INPUT DATA
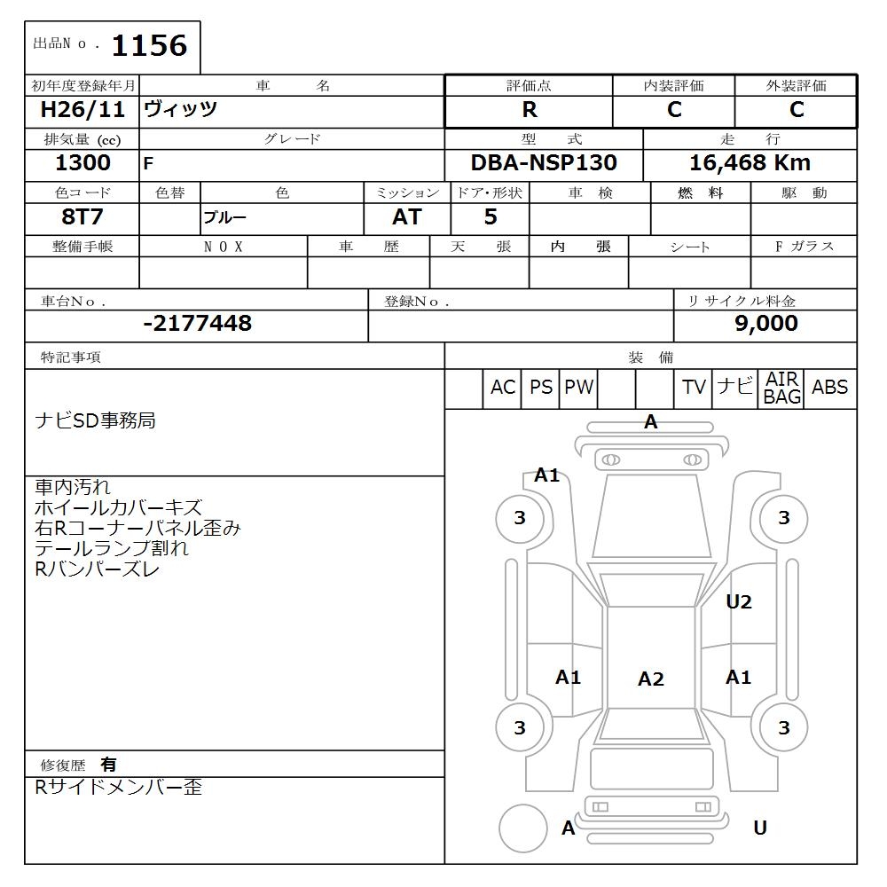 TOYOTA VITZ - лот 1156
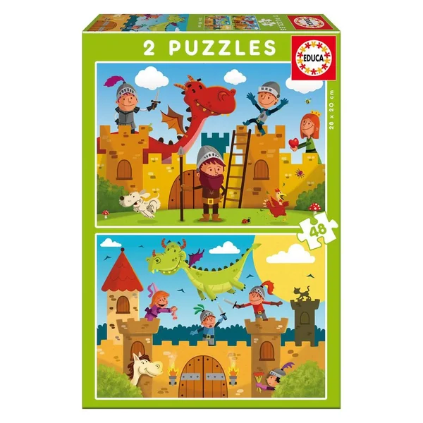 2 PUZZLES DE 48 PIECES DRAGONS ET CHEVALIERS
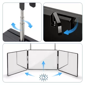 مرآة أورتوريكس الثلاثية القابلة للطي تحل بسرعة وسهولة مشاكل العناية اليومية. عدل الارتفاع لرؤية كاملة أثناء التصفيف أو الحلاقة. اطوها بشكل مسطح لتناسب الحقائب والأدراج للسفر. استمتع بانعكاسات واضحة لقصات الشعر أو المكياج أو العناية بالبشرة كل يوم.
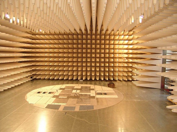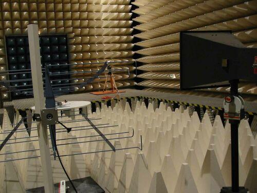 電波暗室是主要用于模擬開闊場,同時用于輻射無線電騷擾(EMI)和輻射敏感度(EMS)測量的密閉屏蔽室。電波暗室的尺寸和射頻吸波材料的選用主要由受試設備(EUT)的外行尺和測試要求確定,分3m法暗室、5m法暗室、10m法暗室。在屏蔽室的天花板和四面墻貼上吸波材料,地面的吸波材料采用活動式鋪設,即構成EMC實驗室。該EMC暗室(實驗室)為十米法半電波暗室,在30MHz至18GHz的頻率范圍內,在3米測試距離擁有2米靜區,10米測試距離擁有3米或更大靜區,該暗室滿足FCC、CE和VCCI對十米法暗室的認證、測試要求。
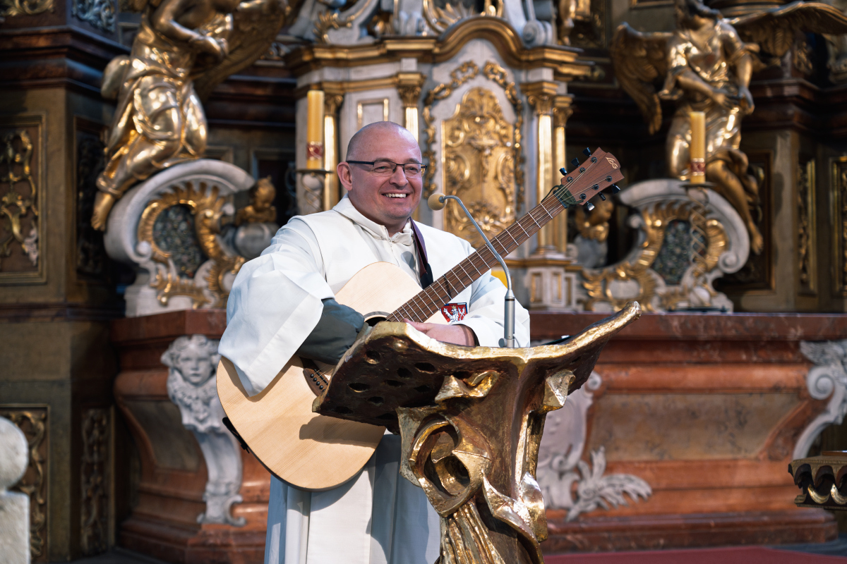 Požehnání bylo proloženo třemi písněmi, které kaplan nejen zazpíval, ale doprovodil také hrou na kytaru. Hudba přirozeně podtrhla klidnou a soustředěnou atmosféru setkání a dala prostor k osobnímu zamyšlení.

DIRECTIONS FOR THIS TASK
Write out all the entries again, word for word, and print no images.

TASK RESULT
 TOYOTA VITZ - лот 1156
 2 PUZZLES DE 48 PIECES DRAGONS ET CHEVALIERS
 مرآة أورتوريكس الثلاثية القابلة للطي تحل بسرعة وسهولة مشاكل العناية اليومية. عدل الارتفاع لرؤية كاملة أثناء التصفيف أو الحلاقة. اطوها بشكل مسطح لتناسب الحقائب والأدراج للسفر. استمتع بانعكاسات واضحة لقصات الشعر أو المكياج أو العناية بالبشرة كل يوم.
 電波暗室是主要用于模擬開闊場,同時用于輻射無線電騷擾(EMI)和輻射敏感度(EMS)測量的密閉屏蔽室。電波暗室的尺寸和射頻吸波材料的選用主要由受試設備(EUT)的外行尺和測試要求確定,分3m法暗室、5m法暗室、10m法暗室。在屏蔽室的天花板和四面墻貼上吸波材料,地面的吸波材料采用活動式鋪設,即構成EMC實驗室。該EMC暗室(實驗室)為十米法半電波暗室,在30MHz至18GHz的頻率范圍內,在3米測試距離擁有2米靜區,10米測試距離擁有3米或更大靜區,該暗室滿足FCC、CE和VCCI對十米法暗室的認證、測試要求。
 Požehnání bylo proloženo třemi písněmi, které kaplan nejen zazpíval, ale doprovodil také hrou na kytaru. Hudba přirozeně podtrhla klidnou a soustředěnou atmosféru setkání a dala prostor k osobnímu zamyšlení.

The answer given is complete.